Sean Phillips

Personal information
- Born: 11 April 1980 (age 46) Harare, Zimbabwe

International information
- National side: Nigeria (2011–12);

Head coaching information
- 2011–2012: Nigeria
- Source: Cricinfo, 1 December 2020

= Sean Phillips (cricketer) =

South African cricketer (born 1980)

Sean Phillips (born 11 April 1980) is a South African cricket coach and former player. He was playing coach of the Nigeria national cricket team from 2011 to 2012.

Phillips was born in Harare, Zimbabwe. He attended John Ross College in Richards Bay, South Africa. He played in one first-class and one List A match for Boland in 2004.

In 2007, Phillips moved to Nigeria where he was contracted by the Nigeria Cricket Federation as coach of the national under-19 cricket team. He coached the team to victory in Division Two of the 2010 ICC Africa Under-19 Championships, winning promotion to Division One.
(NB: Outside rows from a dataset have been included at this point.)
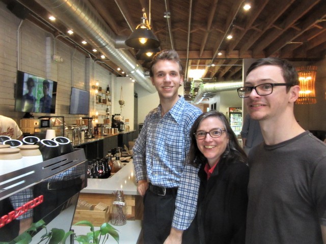 The youngsters posed after Nathaniel helped us order coffee, and he sat with us until it was time for him to clock in.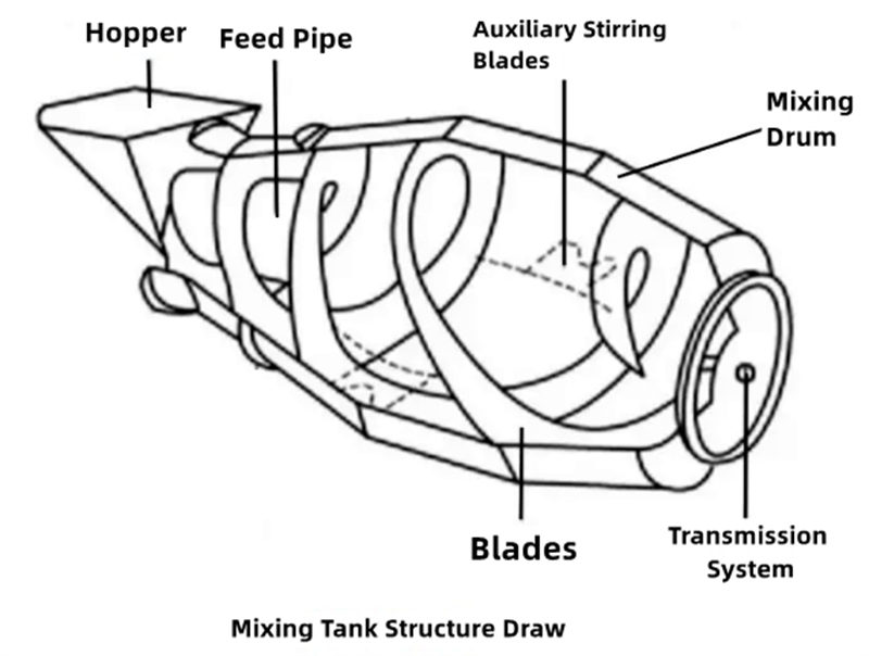 2. Науковий дизайн резервуара:Марганцева сталь Q355 з подвійною логарифмічною спіральною кривою забезпечує однорідність бетону, мінімізує залишки та зменшує втрати матеріалу.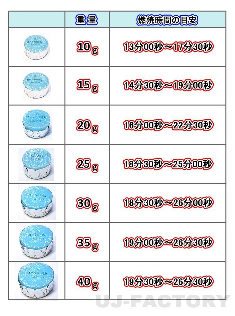燃焼時間 (目安)約:19分00秒~26分30秒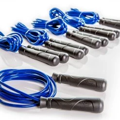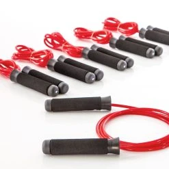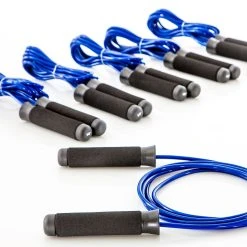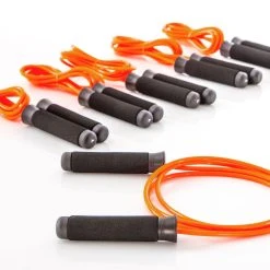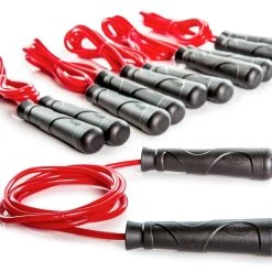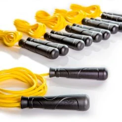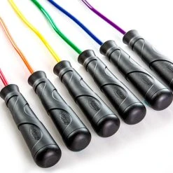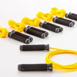 Sturdy, one-piece, grooved plastic handles (5-1/2″L) offer an ergonomic, no-slip grip for comfort and safety. Foam handles add extra comfort. Smooth rotation from molded-plastic ball bearings inside the handles promote faster turning for a high-intensity cardiovascular workout. With a thin 1/4” diameter, these ropes are light enough to teach fundamentals to younger students.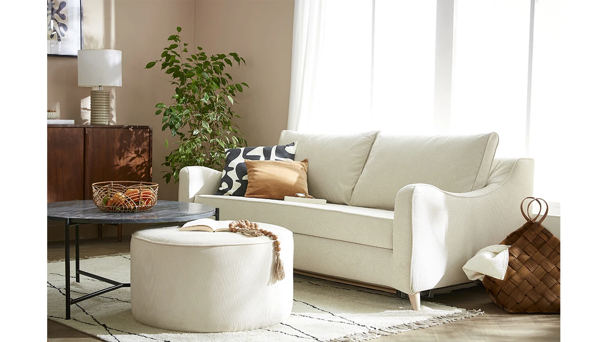 Le canapé VENDOME est la pièce maîtresse d’un salon cosy au charme naturel. Accompagnez-le d’une table basse en bois de la collection MILIBOO afin de créer un lieu de vie convivial et chaleureux.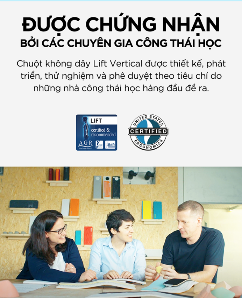 Chuột không dây Lift Vertical được thiết kế, phát triển, thử nghiệm và phê duyệt theo tiêu chí do những nhà công thái học hàng đầu đề ra.

He was also coach of the Ibeju-Lekki Cricket Club in Lagos.

Phillips was appointed playing coach of Nigeria in 2011 after meeting ICC residency qualifications. He led Nigeria to victory at the 2011 ICC Africa Twenty20 Division Two tournament in South Africa, including a man of the match performance against Sierra Leone with 109 not out from 59 balls and 4/17 with the ball.

He later established FP Elite Cricket Academy in Cape Town.